A SOMBRA COMUNISTA

Marcio Monteiro, 02 de Maio, 2024 - Atualizado em 02 de Maio, 2024

Em 1973, na minha primeira visita à biblioteca do Arquivo Público do Estado de Sergipe foi bastante proveitosa. Ao me cadastrar, consegui levar para casa dois exemplares que despertaram minha curiosidade. Um deles foi "Incidente em Antares", de Érico Veríssimo, uma obra que considero uma joia da literatura brasileira e que devorei com entusiasmo. O outro livro que me chamou atenção foi o imponente "Arquipélago Gulag", do renomado escritor russo Alexander Soljenítsin, vencedor do Prêmio Nobel de Literatura de 1970. "Arquipelago Gulag" aborda de maneira densa o funcionamento do sistema de campos de concentração de trabalhos forçados na Sibéria, criados por Stálin para abrigar criminosos perigosos e, principalmente, opositores políticos do regime soviético. O autor relata os horrores enfrentados pelos prisioneiros, submetidos a uma carga excessiva de trabalho, interrogatórios cruéis e condições desumanas. Muitos pereceram nessas instalações gélidas, levando o autor a dedicar o livro "Aos que não viveram para contar a história".

A leitura do "Arquipélago Gulag" me fez refletir sobre as complexidades do socialismo e do comunismo. Percebi que o Estado e o comunismo, quando mal interpretados ou mal implementados, podem impedir a construção de uma sociedade verdadeiramente socialista. O socialismo, em sua essência, busca a melhoria do bem-estar social, visando distribuir os benefícios de forma equitativa entre todos os membros da sociedade. É comum vermos o termo "socialista" sendo utilizado de forma equivocada, muitas vezes associado ao comunismo, especialmente em debates políticos e filosóficos. Essa confusão é muitas vezes alimentada pela extrema direita, que busca desvirtuar o verdadeiro significado do socialismo, equiparando-o a regimes totalitários que surgiram na Europa no século XX.
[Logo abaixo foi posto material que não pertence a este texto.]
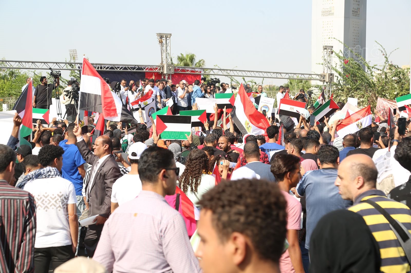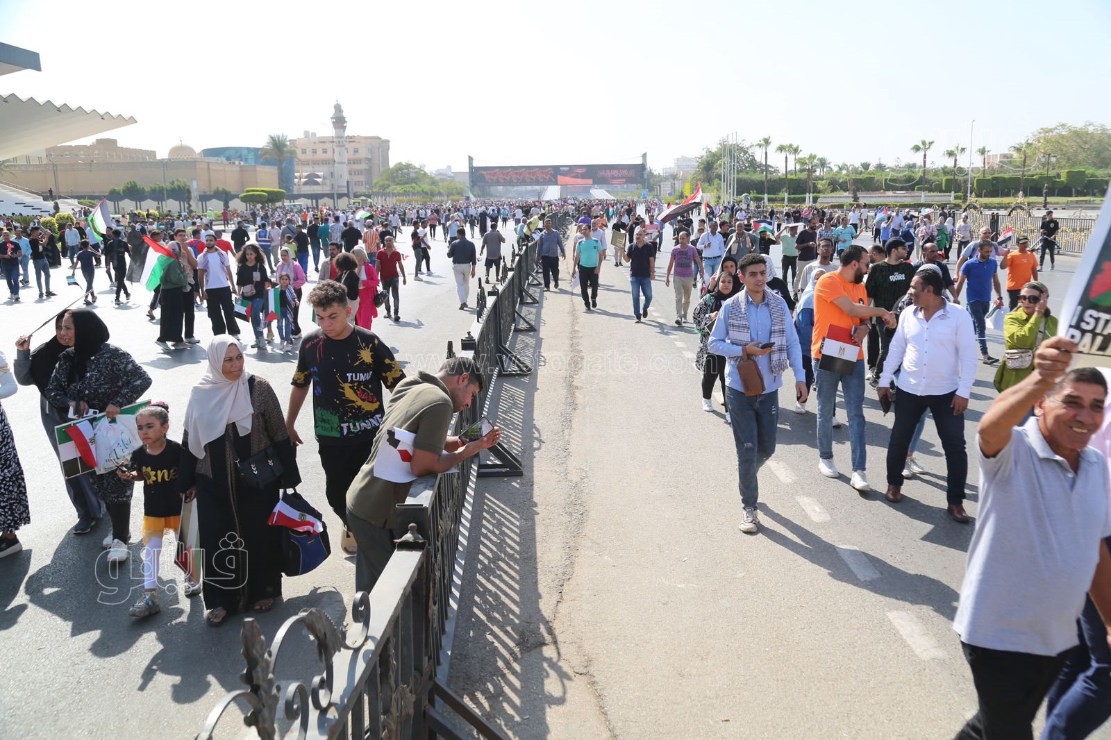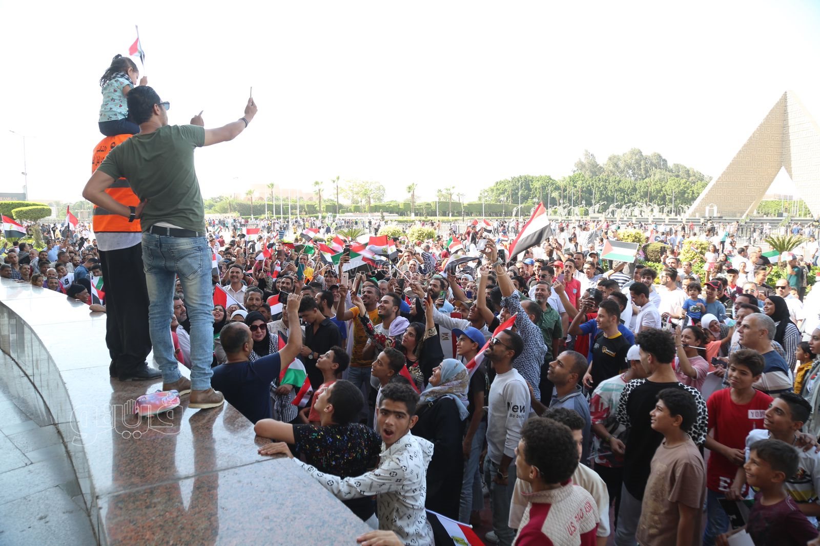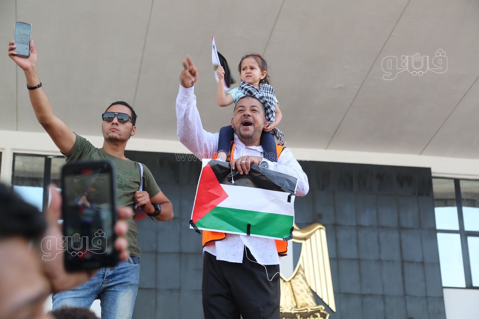 تجمع المتظاهرون في محيط النصب التذكاري بمدينة نصر اليوم الجمعة؛ لدعم القضية الفلسطينية وتنديدا بمجازر جيش الاحتلال الإسرائيلي بحق الفلسطينيين واستهداف المستشفيات وتفجير المنازل على رؤوس ساكنيها.
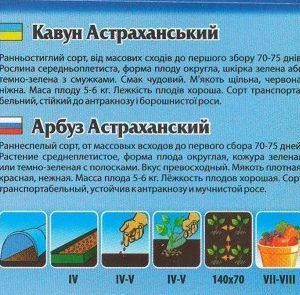 Ранньостиглий сорт, від масових сходів до першого збору 70-75 днів. Рослина середньоплетиста, форма плоду округла, шкірка зелена або темно-зелена з смужками. Смак чудовий. М’якоть щільна, червона, ніжна. Маса плоду 5-6 кг. Лежкість плодів хороша. Сорт транспортабельний, стійкий до антракнозу і борошнистої роси.

Regimes como o fascismo na Itália, o nazismo na Alemanha, o salazarismo em Portugal, o franquismo na Espanha e o stalinismo na Rússia compartilhavam características comuns, como culto ao líder, partido único, nacionalismo extremo e controle dos meios de comunicação. No entanto, esses regimes ditatoriais não representavam o verdadeiro socialismo, pois não buscavam a igualdade econômica nem valorizavam a meritocracia. Atualmente, países como China e Rússia estão experimentando transições econômicas, migrando de economias planificadas para economias de mercado, enquanto ainda mantêm sistemas políticos centralizados. Essa mudança tem sido liderada por líderes como Putin e Xi, que buscam cooperação internacional e equilíbrio de poder. Na Europa, o socialismo continua a ser uma força política importante, com líderes socialistas governando em vários países e ocupando cargos-chave em instituições como o Parlamento Europeu. No entanto, a dinâmica política na região é marcada pela alternância de poder entre liberais e socialistas, impedindo a centralização do poder. Em meio a desafios geopolíticos crescentes, como mudanças climáticas, crises de refugiados e tensões internacionais, os governos europeus são confrontados com a necessidade de respostas rápidas e soluções consensuais. Em última análise, o socialismo defende os princípios de liberdade, igualdade e fraternidade, conforme estabelecido na Revolução Francesa de 1789.

No entanto, é importante distinguir entre o socialismo verdadeiro e as distorções que podem surgir quando mal interpretado ou mal implementado. Ao discutir questões ideológicas, é pertinente recordar as palavras de dois renomados pensadores. O sociólogo Florestan Fernandes enfatizou a urgência de uma democracia que não se torne o túmulo dos ideais de igualdade, liberdade e felicidade do socialismo. Por sua vez, o político francês Pierre Leroux, em 1834, definiu o socialismo como uma doutrina que permanece fiel aos princípios da Revolução Francesa de 1789: liberdade, igualdade e fraternidade. Concordo com ambos, pois é evidente que o comunismo nunca foi plenamente realizado conforme concebido por Marx e Engels. Ao longo do tempo, tem sido distorcido e instrumentalizado como uma ameaça aos interesses capitalistas.

Como bem observou o professor Vladimir Puzone, do Departamento de Sociologia da Universidade Federal do Rio de Janeiro, o termo "comunista", independentemente de sua referência real, serve para demonizar qualquer proposta que busque aliviar as dificuldades da vida cotidiana. A tática da extrema direita em propagar a narrativa ultrapassada e alarmista de uma suposta ameaça comunista à família e à propriedade é capaz de conquistar seguidores facilmente. Muitos incautos, temendo o desconhecido, são levados a acreditar que o “cramunhão do comunismo” está à espreita, pronto para escapar de sua garrafa e infernizar ainda mais a vida das pessoas.